Allegretti: The patient perspective is critical, and I can tell you now that I’ve done this for many years, the patient perspective has really changed. When this was just emerging patients were a bit squeamish about FMT, but now the “ick factor” has decreased because it’s so prevalent in the lay media; there are books written on it, YouTube channels dedicated to it, and it was even the focus of an episode of Grey’s Anatomy in 2008, which always kind of blows my mind because the first clinical trial wasn’t published until 2013. So, I think the public perspective has shifted.
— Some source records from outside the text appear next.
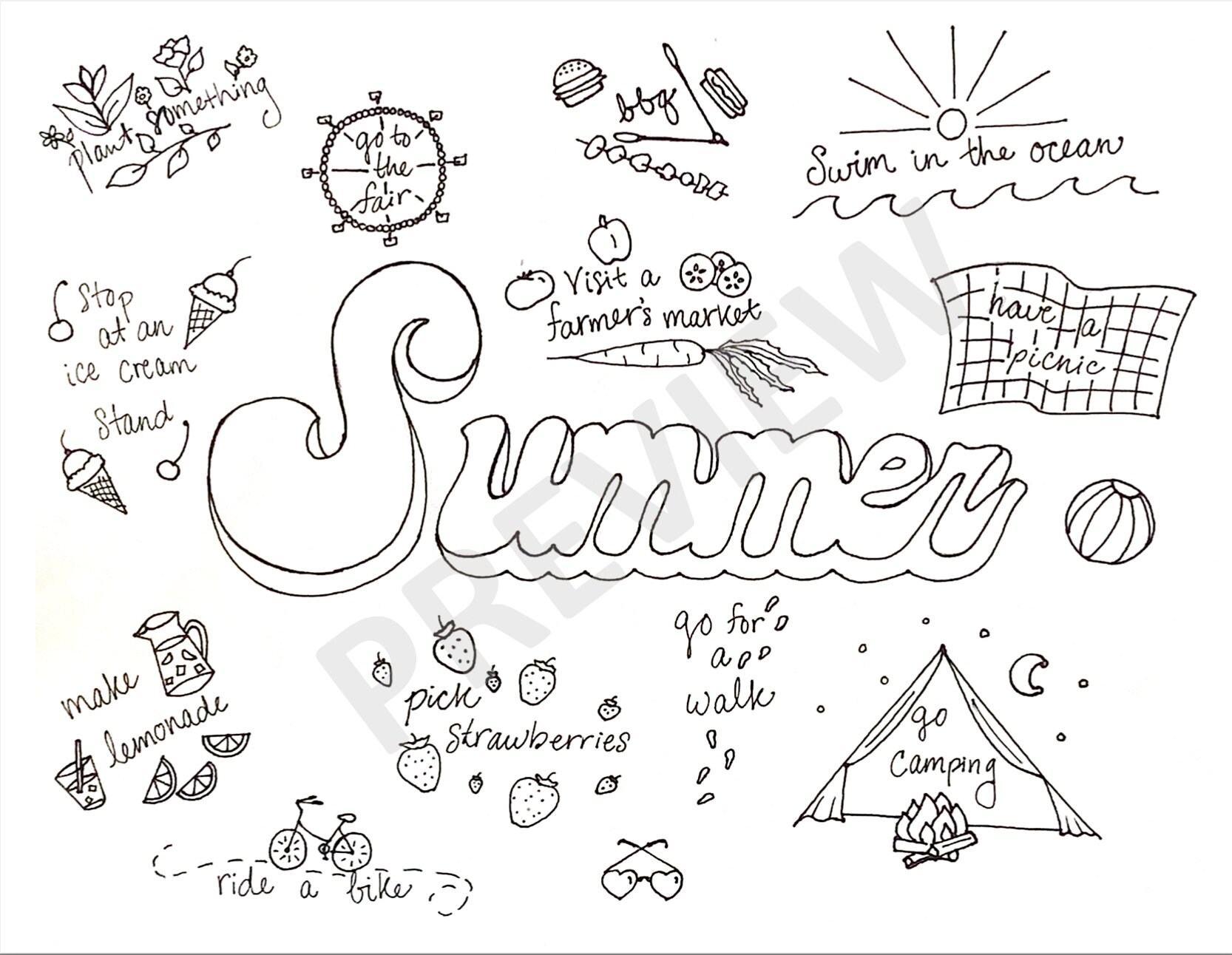 You are viewing some Summer Bucket List Coloring Page sketch templates click on a template to sketch over it and color it in and share with your family and friends.
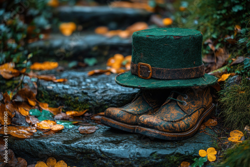 Bright green leprechaun hat lays beside a pair of worn shoes on a rugged stone pathway. Surrounding foliage features vibrant autumn leaves, creating a whimsical outdoor atmosphere.
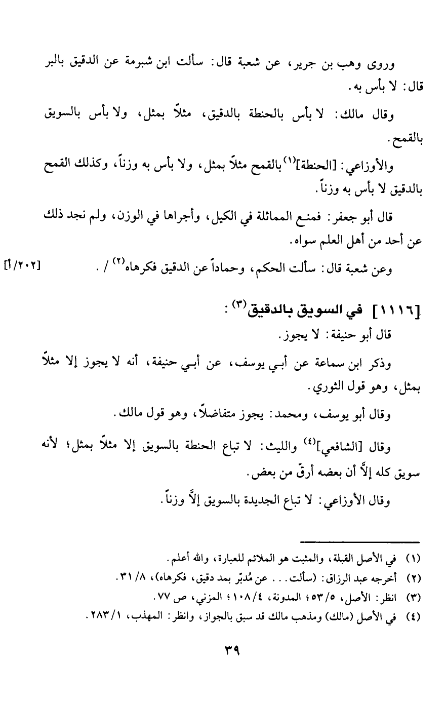 وَالْأَوْزَاعِيّ الْحِنْطَة بالقمح مثلا بِمثل وَلَا بَأْس بِهِ وزنا وَكَذَلِكَ الْقَمْح بالدقيق لَا بَأْس بِهِ وزنا

There was a study by Stacy Kahn, MD, and her group at University of Chicago where they interviewed all their patients who came through their IBD waiting room and they asked just a simple question: “Do you want an FMT to treat your disease?” Not surprisingly 100% of patients with very severe disease wanted it because those are the patients who really need alternative therapies, but more interestingly more than 30% of patients in remission who were doing well on their current therapies also wanted an FMT for their disease.

Healio: What ongoing studies should we keep our eye on?

Allegretti: The work going on in IBD is very exciting, and there are many studies underway that I think will push this even further. I also think the work my group is doing in PSC, a disease that has no currently approved therapies, is really exciting. We’re starting to see some promising data, so we’re working toward the next step there. Another area of interest is obesity, which is obviously a much more prevalent condition, so I think many people are very interested in the results of the trial we are performing.

I think in the next year or two we’re going to have a lot of exciting new data and for these chronic, hard-to-treat diseases, which will really help us understand how to treat them more effectively.

I don’t think this will be a universal magic bullet for all that ails you, but I do think we can learn a lot from FMT about what the microbiome is doing and what role it is contributing to the pathogenesis of a lot of these disease with the hopes that we can engineer better, more targeted therapies based on what we’ve learned, and I assume in a few years from now we probably won’t be doing FMT in its current state anymore. We’ll have better, more directed therapies for each individual disease. – by Adam Leitenberger

Reference:

Allegretti JR. “Fecal Microbiota Transplantation and its Emerging Role in Immune Mediated Inflammatory Diseases.” Presented at: Interdisciplinary Autoimmune Summit; April 27-29, 2018; Boston, Mass.

Disclosures: Allegretti reports she is a scientific advisor and receives research support from Finch Therapeutics.